For inference, if you have a supported card (or probably architecture if you are on Linux and can use HSA_OVERRIDE_GFX_VERSION), then you can probably run anything with (upstream) PyTorch and transformers. Also, compiling llama.cpp is has been pretty trouble-free for me for at least a year.
(If you are on Windows, there is usually a win-hip binary of llama.cpp in the project's releases or if things totally refuse to work, you can use the Vulkan build as a (less performant) fallback).
Having more options can't hurt, but ROCm 5.4.2 is almost 2 years old, and things have come a long way since then, so I'm curious about this being published freshly today, in October 2024.
BTW, I recently went through and updated my compatibility doc (focused on RDNA3) w/ ROCm 6.2 for those interested. A lot has changed just in the past few months (upstream bitsandbytes, upstream xformers, and Triton-based Flash Attention): https://llm-tracker.info/howto/AMD-GPUs
i also have been playing with inference on the amd 7900xtx, and i agree. there are no hoops to jump through these days. just make sure to install the rocm version of torch (if using a1111 or similar, don't trust requirements.txt), as shown clearly on the pytorch homepage. obsidian is a similar story. hip is straightforward, at least on arch and ubuntu (fedora still requires some twiddling, though). i didn't realize xformers is also functional! that's good news.
It would be great if you included a section on running with Docker on Linux. The only one that worked out of the box was Ollama, and it had an example. https://github.com/ollama/ollama/blob/main/docs/docker.md
has a docker image but no examples to run it https://github.com/ggerganov/llama.cpp/blob/master/docs/dock...

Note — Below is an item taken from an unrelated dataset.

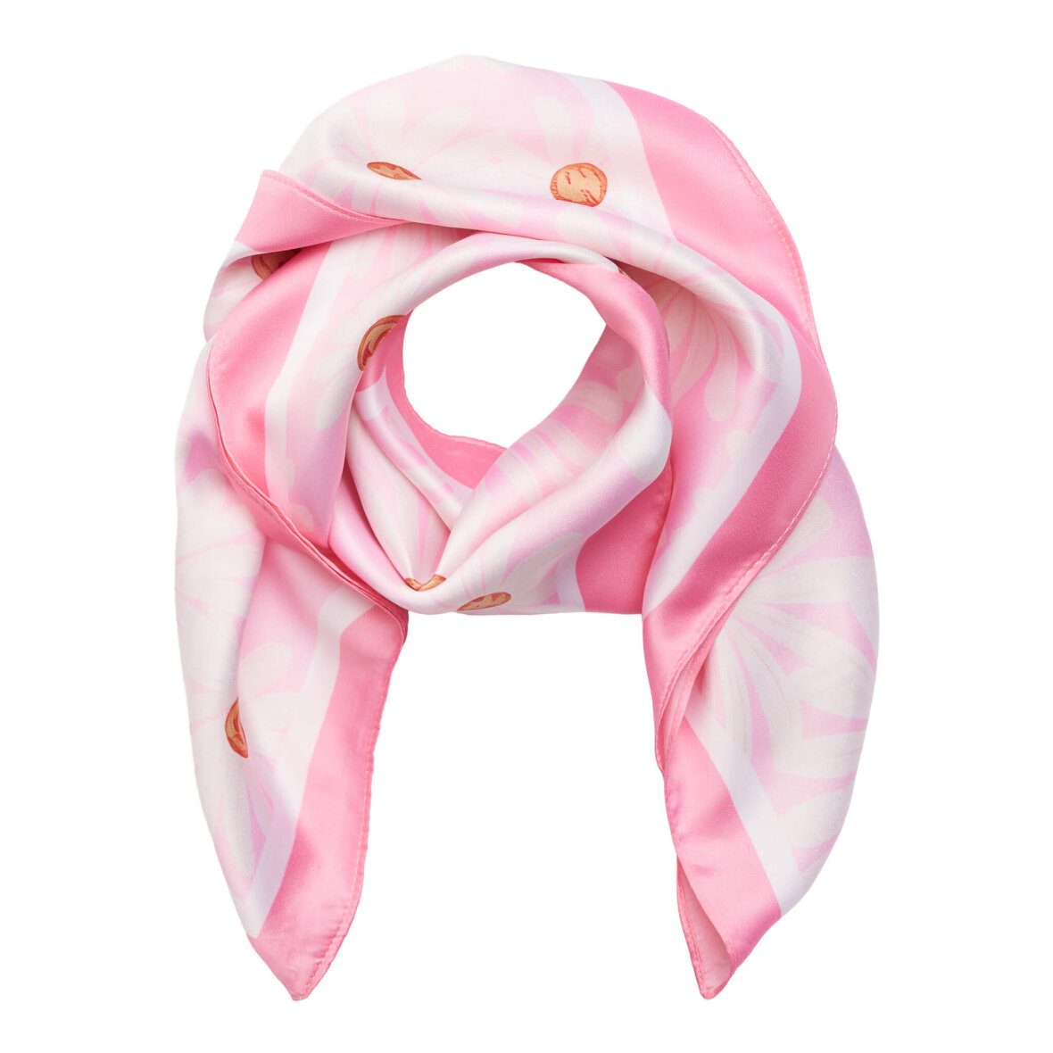 Marta Du Chateau tørklæde i modellen Finja. Tørklædet er lavet i en silkeblød polyester kvalitet i et enkelt og elegant design i lyserød med hvide margueritter.

has a docker image but no examples to run it https://github.com/LostRuins/koboldcpp?tab=readme-ov-file#do...
docker image was broken for me on 7800xt running rhel9 https://github.com/Atinoda/text-generation-webui-docker
good feedback thanks, would you be able to open an issue
this repo? https://github.com/AUGMXNT/llm-tracker.info-vault/issues
I think fazkan was confused about which repo you were talking about. For the llm-tracker doc, that's something I maintain. It's based on stuff I test but if you want to submit a PR or issue w/ info in a way that I can verify then I'm happy to add a Docker section.

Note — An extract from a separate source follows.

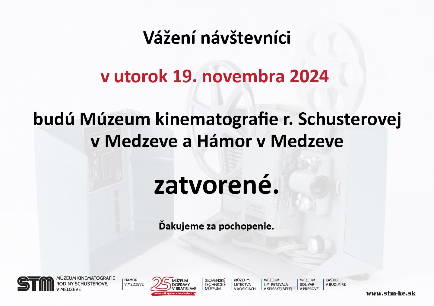 Oznamujeme návštevníkom, že Múzeum kinematografie rodiny Schusterovej a Hámor v Medzeve budú v utorok 19. novembra 2024 ZATVORENÉ. Ďakujeme za pochopenie.

haha, I was a bit confused, but I was referring to this one https://github.com/slashml/amd_inference. But the comment applies to other repos as well, do open issues in them, helps the maintainers prioritize features.
related: https://www.nonbios.ai/post/deploying-large-405b-models-in-f...
tldr: uses the latest rocm 6.2 to run full precision inference for llama 405b on a single node 8 x MI300x AMD GPU
How mature do you think Rocm 6.2-AMD stack is compared to Nvidia ?
this uses vllm?
Yes.
The rise of generated slop ml libraries is staggering.
This library is 50% print statements. And where it does branch, it doesn't even need to.
Defines two environment variables and sets two flags on torch.
I also had to go to therapy to cure myself of the misunderstanding that data scientists and machine learning folks are software engineers, and expecting the same work product from those disparate audiences only raises your blood pressure
Expectation management is a huge part of any team/organization, I think
They can be the same or different, given how you define them. People throw these words around with little thought, especially ones superficial to or outside the field.
I wouldn't disparage an entire field for lack of a clear definition in the buzzwords people use to refer to it.
As suggested by my original comment, I read the source of a lot of the open source projects around ML.
mdaniel is absolutely correct. They are not software engineers.
I'm not vocal about the naïve stuff, poor design, sloppy formatting, bad english. I am vocal about projects that have no place in the ecosystem.
I thought you were being overly harsh until I looked at the repo. You're not kidding, there's very little to it.
While I see where you are coming from, these are the types of comments that keep people from sharing their code, contributing to OSS or continuing to program in general.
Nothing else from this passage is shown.